I inspect the terrace every morning and spray if needed. We only had them in the house when I left the dog's bowl on the floor overnight.
In the seven years we've lived here I've only seen two cockroaches, both on the terrace making for the inside of the house. I killed them.


----------



## LynnD (Mar 11, 2015)

Thanks for the advice chaps. OH used the spray from Mercadona, quite by chance ( got it for mosses etc ) he decided to spray some into the crack they where heading in and out of and along the column, not seen any in 5 days. Fingers crossed for now. Know we won,t get rid of them totally, it just feels good to get one over on them


----------



## thrax (Nov 13, 2008)

So far, (he said, touching his head) we haven't had any inside the house. A friend down the road has been plagued with them but her attitude was simply to ignore them. She said they are doing us a favour, they come in here and remove unwanted scraps of food that have fallen into inaccessible places. Why complain??

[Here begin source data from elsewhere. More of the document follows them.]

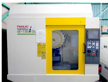
マシニングセンター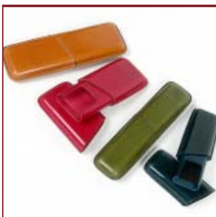
Art. 1137 Portalápices.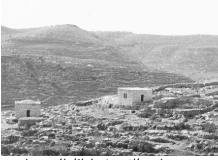
خربة اللوز: صورة نادرة للقرية في اوائل الخمسينات بعد التطير العرقي وقبل تدمير القرية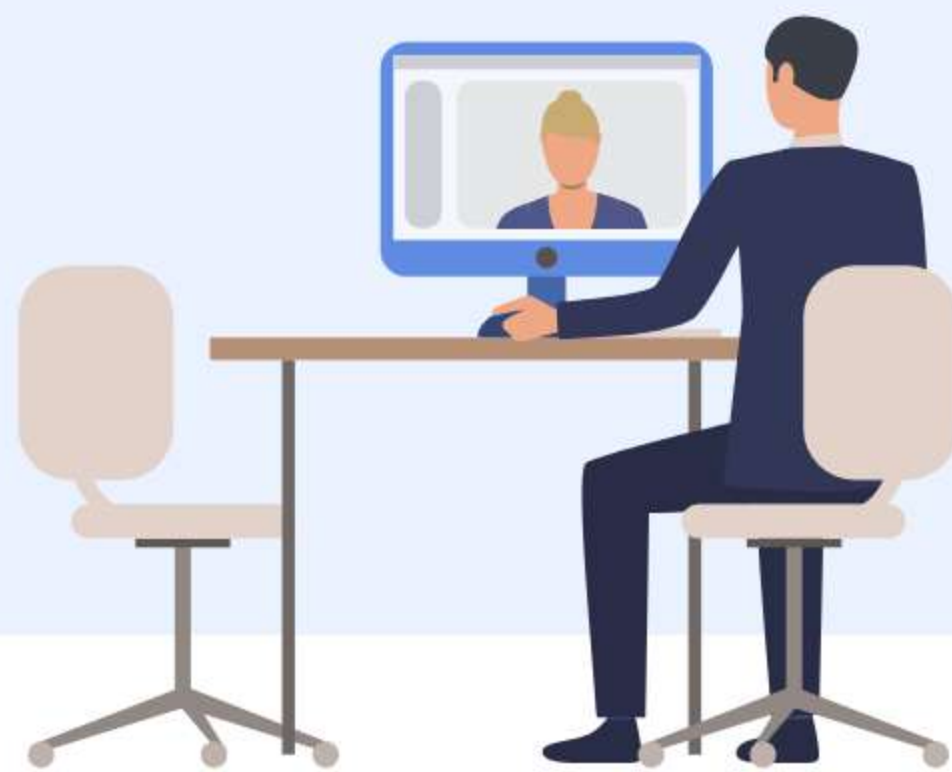
carrusel De imágenes

El equipo de tus sucursales no solo atiende a los clientes de forma presencial sino que también podrá atender a otros de forma remota.

That's certainly one view....


----------



## Pazcat (Mar 24, 2010)

I generally find the white powder you buy from most supermarkets will do the trick pretty effectively especially if you find where they are getting in and the nest.
I have never had a problem with pets eating it and it's normally disappeared in a day or two.

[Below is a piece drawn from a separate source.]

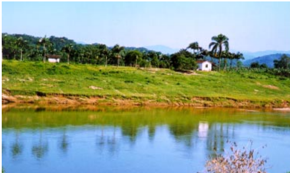
Fundação Florestal está presente em todo o Vale do Ribeira.

Florestal promoveu o repovoamento de mais de 400 hectares de Mata Atlântica com a palmeira juçara ( Euterpe edulis ), envolvendo a comunidade que reside no entorno das unidades de conservação, oferecendo incentivos para a implantação de viveiros e efetuar o plantio das mudas.

That said we brought some spray call Bio Kill the other day and it's for ground insects and it claims to be pet and human friendly. It definitely works too but you may have to apply it more often than the powder.


----------



## bob_bob (Jan 5, 2011)

Works very very well, no powders or sprays so pet friendly...super effective
Ant juego de bombillas para coche! Tapón para botella de estación de Home Defence Ant cebo: Amazon.es: Hogar easy to get in Spain.


----------



## Isobella (Oct 16, 2014)

A spray called Un año sin insectos. Put on doorsteps or anywhere you think they are getting in. Worked for us, no idea if it lasts a year but certainly for months. Available in most supermarkets, ferreterias etc.


----------



## Pesky Wesky (May 10, 2009)

Won't be long before ants start becoming a nuisance again (although I don't know whether they are actually _Pesky_!) and I just came across this article
10 Ways To Keep Those Pesky Ants Out Of Your Kitchen | Care2 Causes


----------



## banana plant (Mar 15, 2016)

had my first mature cockroach in the kitchen today  of all the spiders/reptiles/insects that I have kept as pets or encountered in the wild its only the cockroach that makes me shudder and want to kill it, not collect it and put it back outside to on its merry way but to catch it kill it and flush it down the lav, it must be some kind of natural instinct because as an insect they don't really look that threatening they just look like a glorified beetle, had a massive one in the food cupboard last year, I opened the door and there it was just sat there with a look on its face as if to say ''yea, can I help you?'', needles to say any food that wasn't in a can was binned and the whole cupboard disinfected urggg!


----------



## Lynn R (Feb 21, 2014)

banana plant said:


> had my first mature cockroach in the kitchen today  of all the spiders/reptiles/insects that I have kept as pets or encountered in the wild its only the cockroach that makes me shudder and want to kill it, not collect it and put it back outside to on its merry way but to catch it kill it and flush it down the lav, it must be some kind of natural instinct because as an insect they don't really look that threatening they just look like a glorified beetle, had a massive one in the food cupboard last year, I opened the door and there it was just sat there with a look on its face as if to say ''yea, can I help you?'', needles to say any food that wasn't in a can was binned and the whole cupboard disinfected urggg!


Whatever you do, don't kill them by stamping on them - apparently this just spreads their eggs all over the place and they multiply.

We might get a few isolated ones each year (I've never found one in a cupboard, though, that must have been awful) and we use the spray from Mercadona. It's very effective, kills them in a very few seconds.


----------



## crshedd (Apr 13, 2016)

my mom taught me this and it works just fine, is fairly safe, is cheap and makes the whole house smell clean (at least to my nose!).

she would mop the floors and wash counters with plain bleach. we would have to repeat the next season, but has a long lasting effect.


----------